* [MATERIAL SHOWN]:
*** Block opens ***

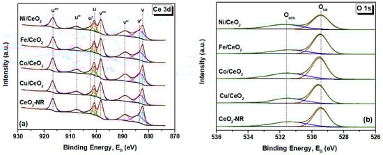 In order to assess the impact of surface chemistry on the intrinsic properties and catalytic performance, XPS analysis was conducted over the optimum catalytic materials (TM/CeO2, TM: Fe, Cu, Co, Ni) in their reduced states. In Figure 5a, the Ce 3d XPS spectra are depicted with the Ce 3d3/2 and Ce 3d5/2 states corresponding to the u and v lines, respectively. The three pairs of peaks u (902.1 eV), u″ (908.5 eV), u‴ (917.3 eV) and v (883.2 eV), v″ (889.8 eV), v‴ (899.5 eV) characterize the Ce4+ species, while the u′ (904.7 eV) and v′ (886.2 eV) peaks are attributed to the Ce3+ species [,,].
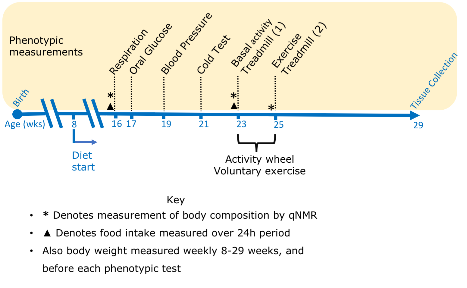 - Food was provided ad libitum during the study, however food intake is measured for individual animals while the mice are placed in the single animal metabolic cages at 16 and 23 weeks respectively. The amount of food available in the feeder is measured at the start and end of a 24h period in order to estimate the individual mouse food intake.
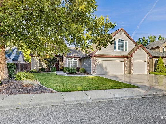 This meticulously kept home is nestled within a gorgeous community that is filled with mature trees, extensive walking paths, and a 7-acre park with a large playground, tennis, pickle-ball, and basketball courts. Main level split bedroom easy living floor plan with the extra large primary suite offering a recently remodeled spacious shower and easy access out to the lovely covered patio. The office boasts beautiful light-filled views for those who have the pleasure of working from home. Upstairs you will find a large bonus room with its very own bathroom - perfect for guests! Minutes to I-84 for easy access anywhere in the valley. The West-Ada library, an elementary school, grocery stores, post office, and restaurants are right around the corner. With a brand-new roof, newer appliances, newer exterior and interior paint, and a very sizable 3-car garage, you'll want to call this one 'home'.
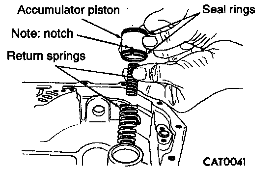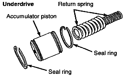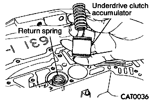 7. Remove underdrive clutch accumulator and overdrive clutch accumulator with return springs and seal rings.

*** Block closes ***
*** Block opens ***

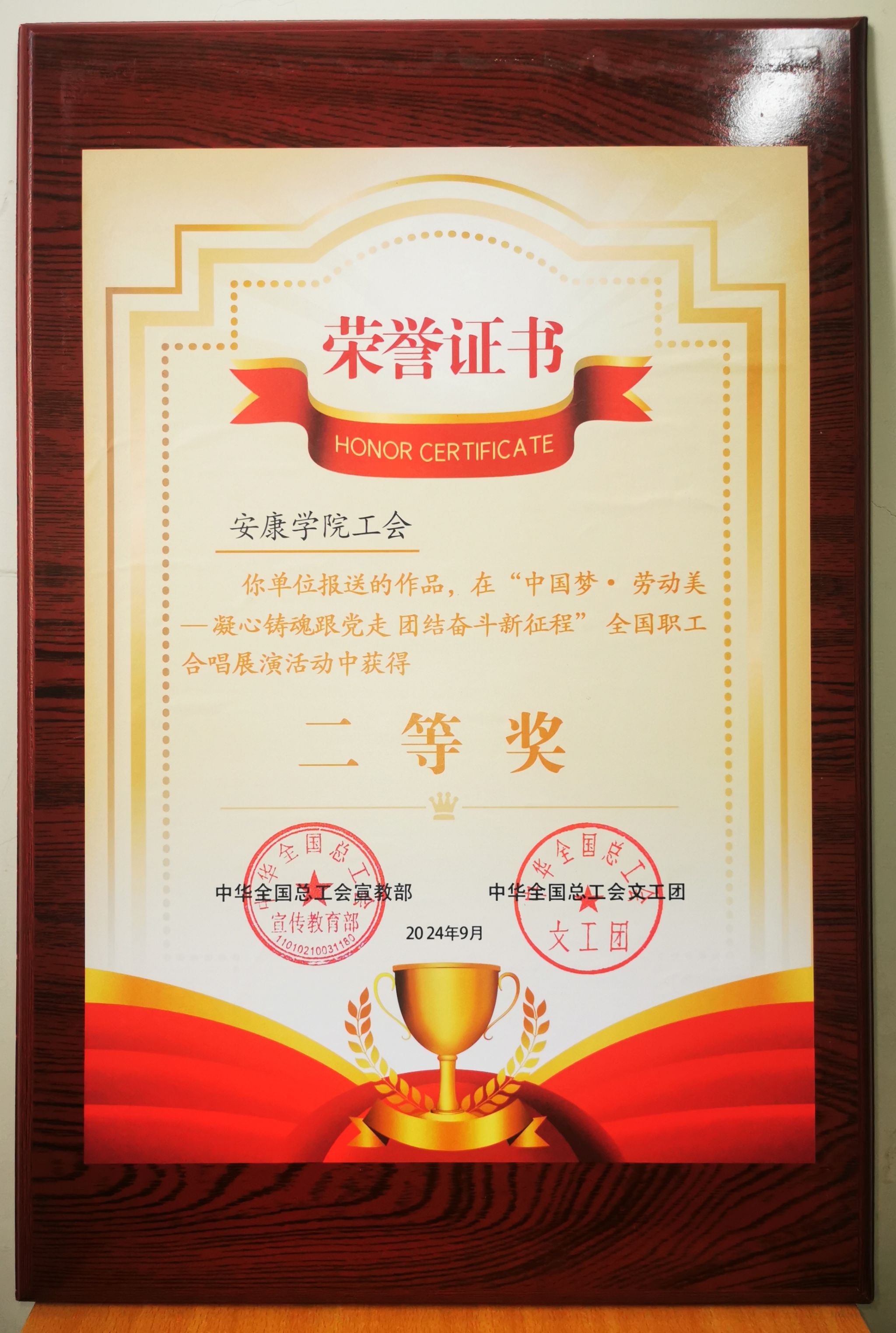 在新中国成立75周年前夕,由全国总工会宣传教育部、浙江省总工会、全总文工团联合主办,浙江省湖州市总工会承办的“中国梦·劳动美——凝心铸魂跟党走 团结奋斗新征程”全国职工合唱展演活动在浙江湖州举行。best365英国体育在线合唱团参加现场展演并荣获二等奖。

*** Block closes ***
*** Block opens ***

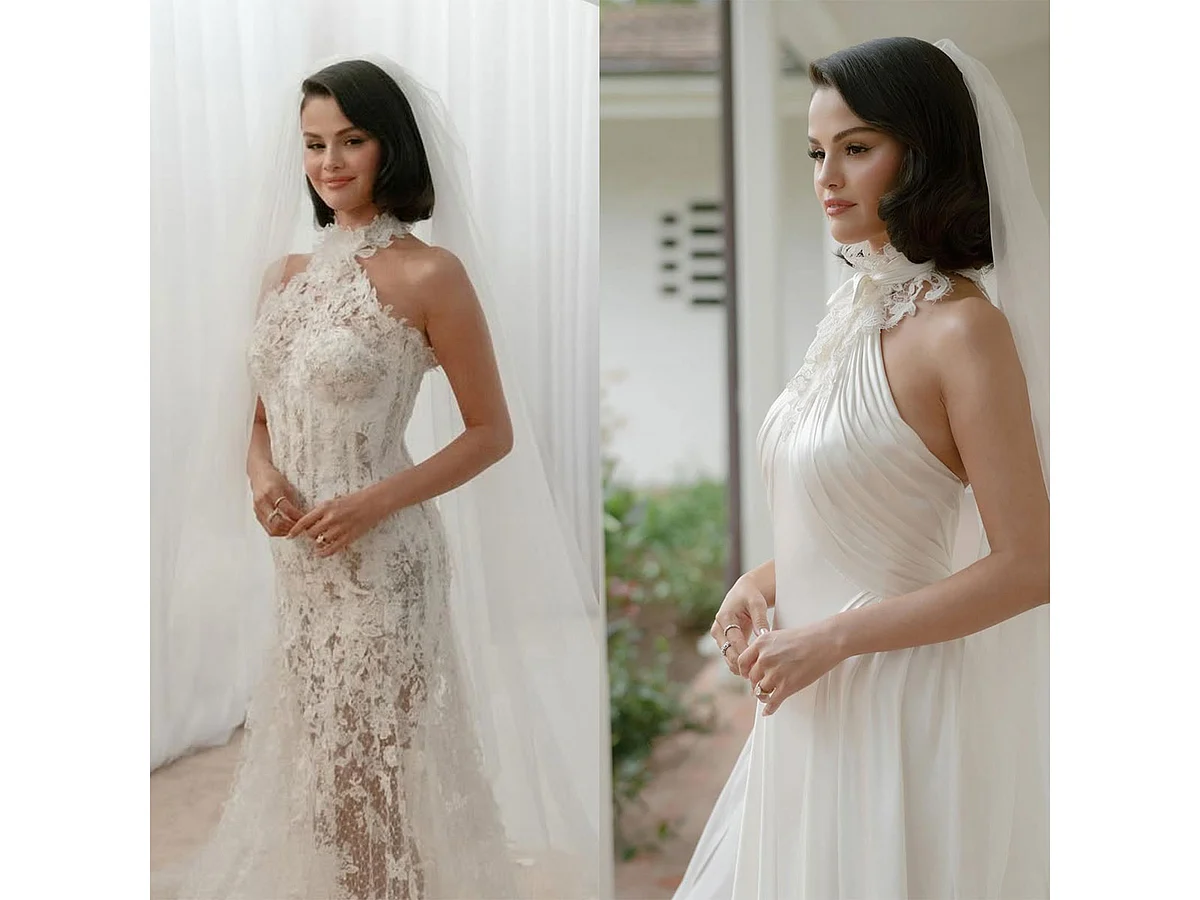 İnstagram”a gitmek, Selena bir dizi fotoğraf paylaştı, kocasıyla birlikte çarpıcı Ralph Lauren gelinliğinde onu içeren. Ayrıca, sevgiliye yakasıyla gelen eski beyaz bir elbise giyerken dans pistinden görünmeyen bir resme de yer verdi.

*** Block closes ***

* [TASK ITEM]: Within the listing above, extract exactly the lines that run from the one containing "In order to assess" through the one containing "- Food was provided", excluding any pictures.

* [SOLUTION TO THE EXERCISE]:
 In order to assess the impact of surface chemistry on the intrinsic properties and catalytic performance, XPS analysis was conducted over the optimum catalytic materials (TM/CeO2, TM: Fe, Cu, Co, Ni) in their reduced states. In Figure 5a, the Ce 3d XPS spectra are depicted with the Ce 3d3/2 and Ce 3d5/2 states corresponding to the u and v lines, respectively. The three pairs of peaks u (902.1 eV), u″ (908.5 eV), u‴ (917.3 eV) and v (883.2 eV), v″ (889.8 eV), v‴ (899.5 eV) characterize the Ce4+ species, while the u′ (904.7 eV) and v′ (886.2 eV) peaks are attributed to the Ce3+ species [,,].
 - Food was provided ad libitum during the study, however food intake is measured for individual animals while the mice are placed in the single animal metabolic cages at 16 and 23 weeks respectively. The amount of food available in the feeder is measured at the start and end of a 24h period in order to estimate the individual mouse food intake.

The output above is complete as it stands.